In 2013, this view was affirmed by the famous “NOTA judgment” of the Supreme Court. The directions to include a “None of the Above” option in the EVMs was grounded in the reasoning that voting – as an integral part of the democratic process – is protected expression under Article 19(1)(a).
Now, what does it mean to say that the “right” to vote is statutory, but the “freedom” to vote is constitutional? When examining the NOTA judgment, I’ve suggested that the only way of reconciling the two is as follows: the legislature is permitted and entitled to regulate the election process (which it does through the Representation of Peoples Act, and other similar statutes). The legislature can prescribe the modalities of how elections are to be carried out, and thus it can (within reason) determine how the freedom to vote is to be exercised. However, if the legislature makes a law that regulates or restricts not how the electoral process is to be carried out, but who is entitled to participate in it, then such a law must be subjected to rigorous scrutiny by the Courts – because that goes to the very heart of the constitutional freedom itself.
The right/freedom to vote, and the right/freedom to stand for office are conceptually inseparable, as they form equally integral parts of the democratic process. Consequently, the same logic applies to the latter. Admittedly, Article 84 of the Constitution (dealing with the legislature) requires candidates “possesses such other qualifications as may be prescribed in that behalf by or under any law made by Parliament”, thus expressly envisaging the possibility that Parliament may pass a law limiting the entitlement to participate in the democratic process on the basis of certain qualifications. Nonetheless, the freedom-of-voting decisions of the Supreme Court indicate that legislation that directly disenfranchises persons (by ‘disenfranchise’, I mean both the right to vote and the right to stand for office) ought to be subjected to more rigorous scrutiny than a ‘rational review’ standard.

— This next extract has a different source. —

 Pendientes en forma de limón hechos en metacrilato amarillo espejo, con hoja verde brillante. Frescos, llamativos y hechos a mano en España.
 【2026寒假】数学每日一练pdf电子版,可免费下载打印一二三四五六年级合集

In particular, the State should not be allowed to introduce extraneous considerations such as ‘family planning’ or ‘increasing literacy’ to justify such legislation. This would amount to what is called an unconstitutional condition – i.e., subjecting the exercise of constitutional freedoms to conditions that cannot otherwise be located within the Constitution. Secondly, the State should be required to justify the relationship between the restrictions that it has imposed, and the fundamental place of the electoral process in a republican democracy. For instance, a law that prohibits persons with criminal convictions from standing for elections has a demonstrable nexus with the role of elections in a the democratic process. A law that prohibits persons on the basis of literacy does not.

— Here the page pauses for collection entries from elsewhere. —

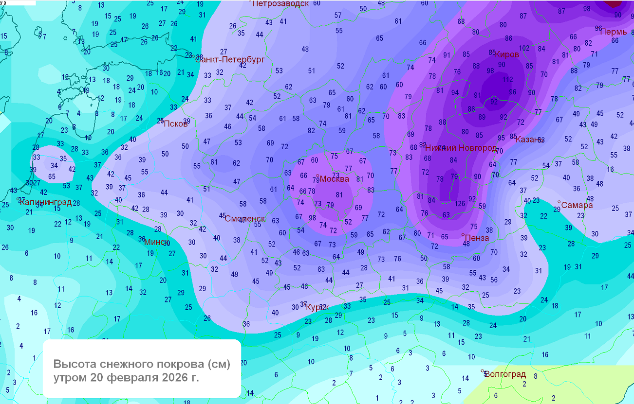 За сутки 19 февраля и ночь 20 февраля 2026 г. в Москве выпало до 20-30 мм осадков в виде снега (максимально на метеостанции Балчуг 25 мм за 24 ч, 19 февраля, из них 18 мм днем 19 февраля). Прирост высоты снежного покрова - до 26 см (мс Балчуг и ВДНХ 25-26 см).
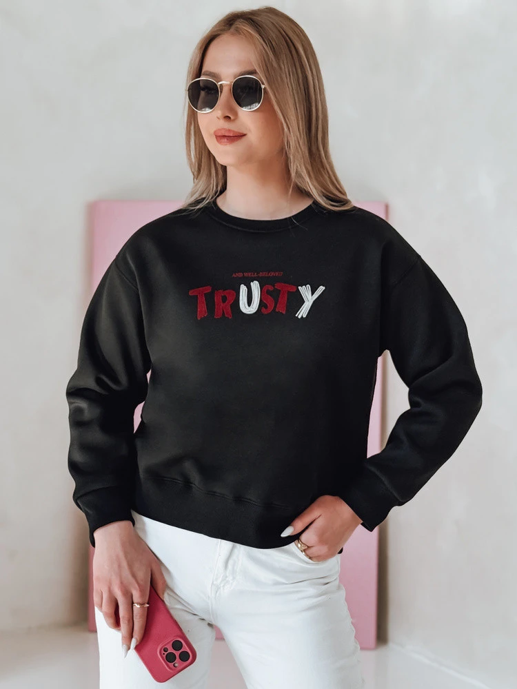 Dámská oversize mikina s ozdobným nápisem "TRUSTY" ve 3D efektu je skvělou volbou pro milovnice pohodlného, ale stylového oblečení. Model je vyroben z měkkého materiálu, který poskytuje pohodlí, zatímco elastické manžety zabraňují ztrátě střihu. Univerzální velikost padne od XS do L. Vyšívaná písmena s různými strukturami vytvářejí vizuálně zajímavý kontrast. Skvěle se hodí pro ležérní jarní kombinace.
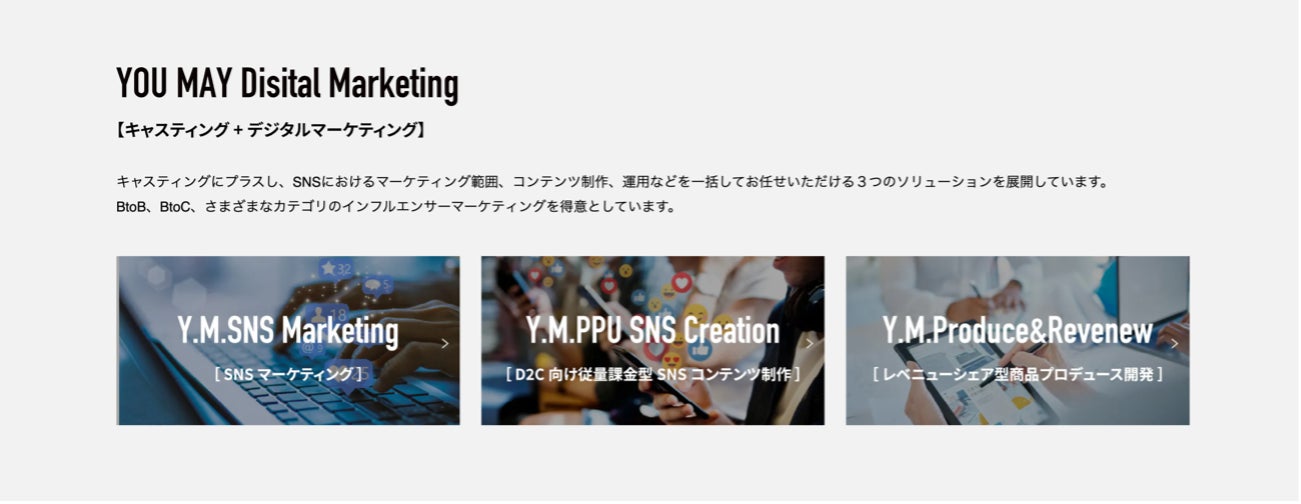 キャスティングにプラスし、SNSにおけるマーケティング範囲、コンテンツ制作、運用などを一括してお任せいただける3つのソリューションを展開しています。BtoB、BtoC、さまざまなカテゴリのインフルエンサーマーケティングを得意としています。
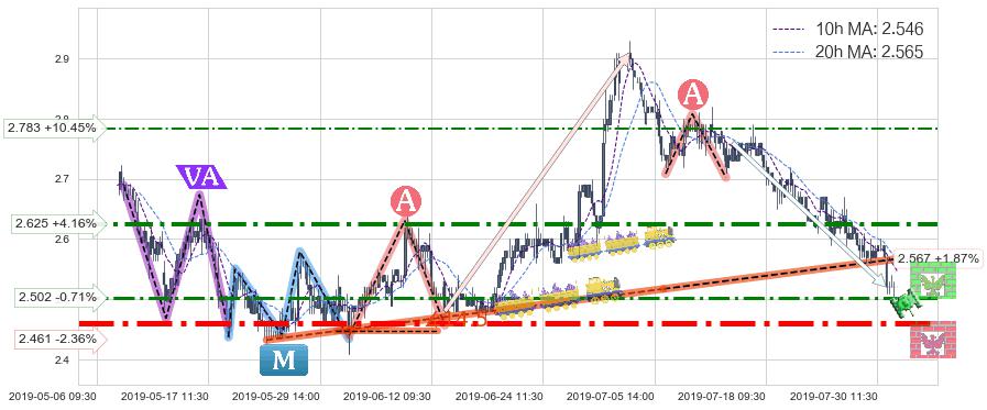 ♘ 支撑价格位2.461,可信任强度96.64%,距离最后交易2019-07-31 15:00形成的收盘价格2.520相差 -2.36%
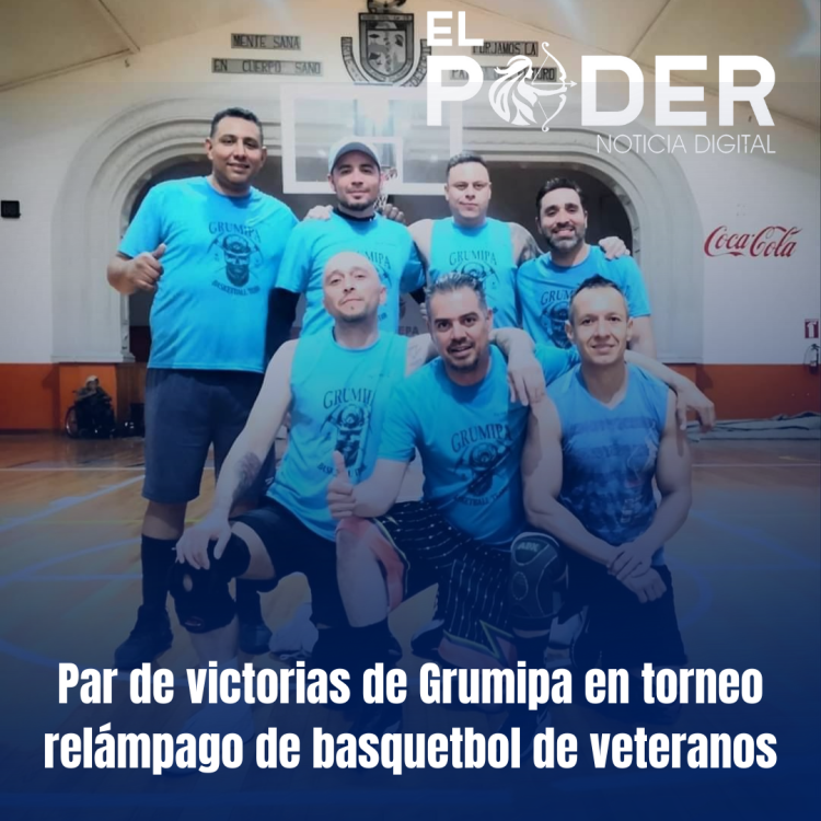El representativo de Grumipa se alzó con par de victorias en su participación en el torneo relámpago de basquetbol en categoría de veteranos, tras vencer a los combinados de 6AM y Tripitas Don Cata, en actividad efectuada en la duela del Gimnasio Auditorio Municipal.
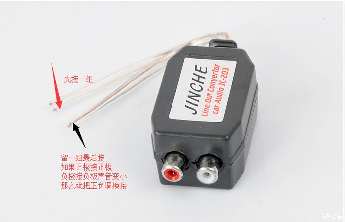 请先接高转低的一边线,其它线都接好之后,插上两个音频线,打开电源,播放音乐,在接另外一组线,如果接时上发现低音炮声音变小了,那么把这没接的一组调换正负极接,(通常黄色接喇叭线正极,银色线接喇叭线负极)(反过来把银色接喇叭线正极,黄色接喇叭线的正极)就可以了。

Republican democracy is based upon the core idea that every citizen has the freedom to participate in the workings of democracy, whether by voting or by standing for elected office. Every limitation upon this freedom is problematic. This is especially true when the limitation affects those most marginalised by the political process. Consequently, I would argue, with respect, that the Court was incorrect in dismissing the petition, because there are crucial constitutional issues involved. If this case comes back before the judiciary, it is to be hoped that some of these issues will be considered.